- _WHAT IS REQUIRED_:
Your job with the data below is to output exactly the lines from the one holding "longueur 31 cm" down to the one holding "El Instituto de", both included, and no others.

- _THE DATA_:
◆ ◆ ◆ ◆

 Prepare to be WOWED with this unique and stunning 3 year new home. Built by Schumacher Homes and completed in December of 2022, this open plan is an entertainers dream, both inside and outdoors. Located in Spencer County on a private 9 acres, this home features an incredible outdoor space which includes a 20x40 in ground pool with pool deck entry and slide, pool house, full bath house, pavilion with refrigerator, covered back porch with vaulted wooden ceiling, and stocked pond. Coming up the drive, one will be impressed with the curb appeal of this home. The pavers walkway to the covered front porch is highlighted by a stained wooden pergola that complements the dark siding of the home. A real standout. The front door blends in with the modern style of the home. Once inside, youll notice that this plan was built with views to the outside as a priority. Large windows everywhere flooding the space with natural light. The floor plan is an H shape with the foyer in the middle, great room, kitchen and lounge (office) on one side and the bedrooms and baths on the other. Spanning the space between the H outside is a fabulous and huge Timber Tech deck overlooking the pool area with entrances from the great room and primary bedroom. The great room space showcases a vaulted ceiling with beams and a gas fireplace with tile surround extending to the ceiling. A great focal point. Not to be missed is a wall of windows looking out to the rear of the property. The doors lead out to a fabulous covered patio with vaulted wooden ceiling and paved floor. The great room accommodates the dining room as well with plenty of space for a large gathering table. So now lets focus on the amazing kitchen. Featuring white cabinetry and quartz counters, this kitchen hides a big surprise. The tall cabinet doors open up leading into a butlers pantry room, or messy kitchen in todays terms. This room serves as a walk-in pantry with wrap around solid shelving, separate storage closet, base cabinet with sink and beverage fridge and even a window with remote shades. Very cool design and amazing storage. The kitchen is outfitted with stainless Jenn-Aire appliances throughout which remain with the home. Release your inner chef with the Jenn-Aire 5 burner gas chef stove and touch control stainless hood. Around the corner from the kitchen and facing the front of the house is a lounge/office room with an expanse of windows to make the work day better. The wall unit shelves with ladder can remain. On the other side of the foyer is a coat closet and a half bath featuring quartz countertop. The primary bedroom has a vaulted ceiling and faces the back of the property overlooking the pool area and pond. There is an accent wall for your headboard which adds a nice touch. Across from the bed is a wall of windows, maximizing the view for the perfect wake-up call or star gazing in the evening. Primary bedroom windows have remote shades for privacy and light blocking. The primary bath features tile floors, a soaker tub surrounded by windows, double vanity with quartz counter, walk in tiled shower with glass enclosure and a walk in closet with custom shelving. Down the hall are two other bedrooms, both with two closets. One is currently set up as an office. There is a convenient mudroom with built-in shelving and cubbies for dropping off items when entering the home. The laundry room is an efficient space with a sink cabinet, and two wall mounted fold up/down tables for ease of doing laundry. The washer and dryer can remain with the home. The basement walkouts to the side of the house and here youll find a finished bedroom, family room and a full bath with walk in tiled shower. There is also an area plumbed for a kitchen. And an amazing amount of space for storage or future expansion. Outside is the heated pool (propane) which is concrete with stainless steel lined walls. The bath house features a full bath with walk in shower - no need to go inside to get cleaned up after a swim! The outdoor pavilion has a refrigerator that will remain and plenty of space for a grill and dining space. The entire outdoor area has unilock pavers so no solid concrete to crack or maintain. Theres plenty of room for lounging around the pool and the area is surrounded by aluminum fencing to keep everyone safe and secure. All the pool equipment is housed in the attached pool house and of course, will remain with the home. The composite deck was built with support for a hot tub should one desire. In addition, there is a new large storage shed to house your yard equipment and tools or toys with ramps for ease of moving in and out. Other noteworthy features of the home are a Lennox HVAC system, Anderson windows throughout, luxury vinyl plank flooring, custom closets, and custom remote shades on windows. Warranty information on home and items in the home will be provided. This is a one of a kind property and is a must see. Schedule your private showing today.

◆ ◆ ◆ ◆

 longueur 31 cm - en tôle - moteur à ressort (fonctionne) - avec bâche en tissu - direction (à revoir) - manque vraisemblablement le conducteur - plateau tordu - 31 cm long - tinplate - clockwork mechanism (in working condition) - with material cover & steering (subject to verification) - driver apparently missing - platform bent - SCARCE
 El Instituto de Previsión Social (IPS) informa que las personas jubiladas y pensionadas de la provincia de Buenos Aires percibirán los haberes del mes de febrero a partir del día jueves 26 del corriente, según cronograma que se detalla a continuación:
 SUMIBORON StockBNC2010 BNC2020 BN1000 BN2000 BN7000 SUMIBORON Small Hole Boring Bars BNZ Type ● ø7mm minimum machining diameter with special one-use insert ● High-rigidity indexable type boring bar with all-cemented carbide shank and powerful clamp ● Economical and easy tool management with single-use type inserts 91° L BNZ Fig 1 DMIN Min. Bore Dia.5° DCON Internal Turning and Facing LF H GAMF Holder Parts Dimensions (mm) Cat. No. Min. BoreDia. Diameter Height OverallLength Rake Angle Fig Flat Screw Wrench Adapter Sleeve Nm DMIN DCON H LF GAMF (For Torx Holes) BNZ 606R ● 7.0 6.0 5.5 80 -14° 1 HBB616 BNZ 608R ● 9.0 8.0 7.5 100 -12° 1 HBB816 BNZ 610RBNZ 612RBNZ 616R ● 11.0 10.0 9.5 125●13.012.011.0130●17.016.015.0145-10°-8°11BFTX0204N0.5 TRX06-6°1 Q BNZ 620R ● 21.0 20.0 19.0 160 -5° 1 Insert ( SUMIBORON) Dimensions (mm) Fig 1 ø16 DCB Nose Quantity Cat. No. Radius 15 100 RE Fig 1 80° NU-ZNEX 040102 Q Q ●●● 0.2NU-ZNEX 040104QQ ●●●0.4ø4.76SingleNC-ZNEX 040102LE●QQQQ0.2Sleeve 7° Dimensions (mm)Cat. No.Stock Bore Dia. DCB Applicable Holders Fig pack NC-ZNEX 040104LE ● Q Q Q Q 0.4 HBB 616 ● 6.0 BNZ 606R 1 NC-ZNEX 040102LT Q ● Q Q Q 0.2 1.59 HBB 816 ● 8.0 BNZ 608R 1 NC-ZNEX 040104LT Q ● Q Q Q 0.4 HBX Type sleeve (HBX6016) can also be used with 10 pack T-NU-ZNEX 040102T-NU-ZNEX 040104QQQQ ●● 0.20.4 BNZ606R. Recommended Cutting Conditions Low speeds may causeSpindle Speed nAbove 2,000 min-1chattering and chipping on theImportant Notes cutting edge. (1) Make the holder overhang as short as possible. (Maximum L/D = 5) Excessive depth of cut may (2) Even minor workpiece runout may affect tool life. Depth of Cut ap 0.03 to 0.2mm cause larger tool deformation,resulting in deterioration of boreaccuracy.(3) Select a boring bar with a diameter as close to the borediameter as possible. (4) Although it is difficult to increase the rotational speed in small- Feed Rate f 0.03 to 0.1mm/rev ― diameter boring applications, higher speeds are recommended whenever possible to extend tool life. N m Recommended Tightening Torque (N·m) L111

◆ ◆ ◆ ◆

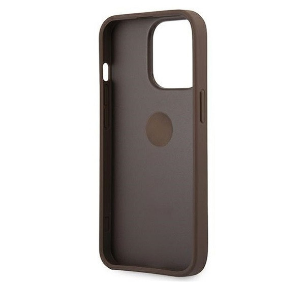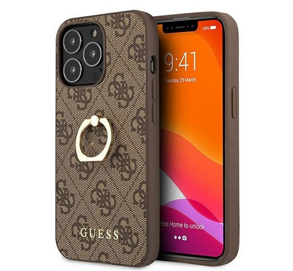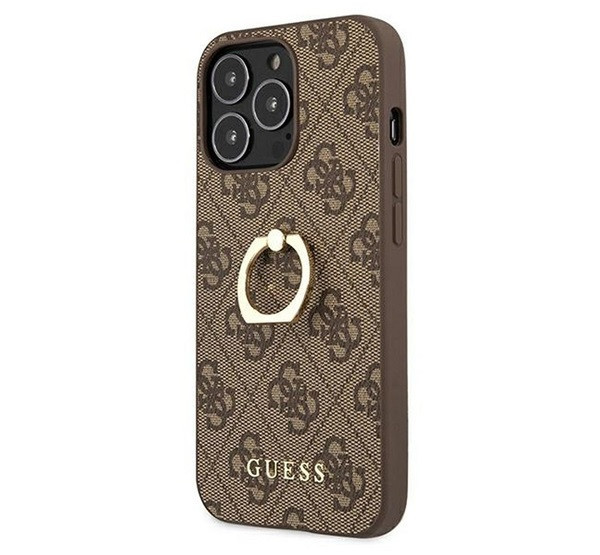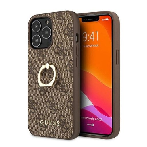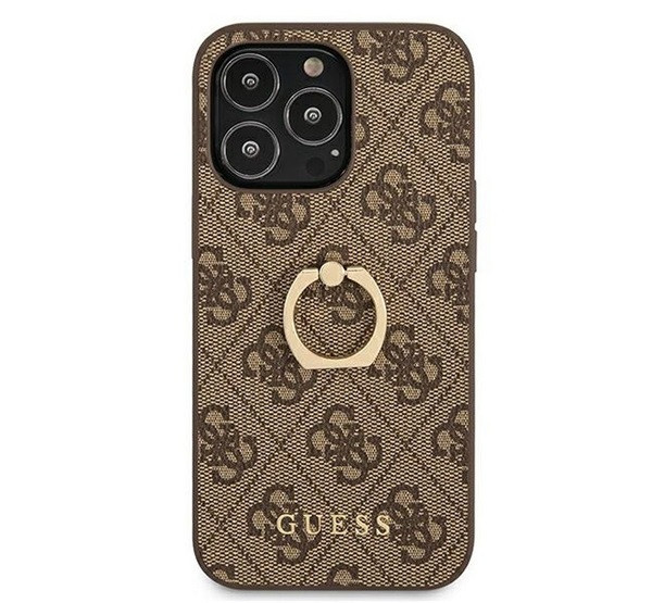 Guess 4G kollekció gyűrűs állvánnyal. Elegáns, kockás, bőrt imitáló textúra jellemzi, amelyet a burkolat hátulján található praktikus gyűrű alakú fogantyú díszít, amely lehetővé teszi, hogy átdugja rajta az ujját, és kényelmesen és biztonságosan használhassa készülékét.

◆ ◆ ◆ ◆

- _SOLVED PROBLEM_:
 longueur 31 cm - en tôle - moteur à ressort (fonctionne) - avec bâche en tissu - direction (à revoir) - manque vraisemblablement le conducteur - plateau tordu - 31 cm long - tinplate - clockwork mechanism (in working condition) - with material cover & steering (subject to verification) - driver apparently missing - platform bent - SCARCE
 El Instituto de Previsión Social (IPS) informa que las personas jubiladas y pensionadas de la provincia de Buenos Aires percibirán los haberes del mes de febrero a partir del día jueves 26 del corriente, según cronograma que se detalla a continuación:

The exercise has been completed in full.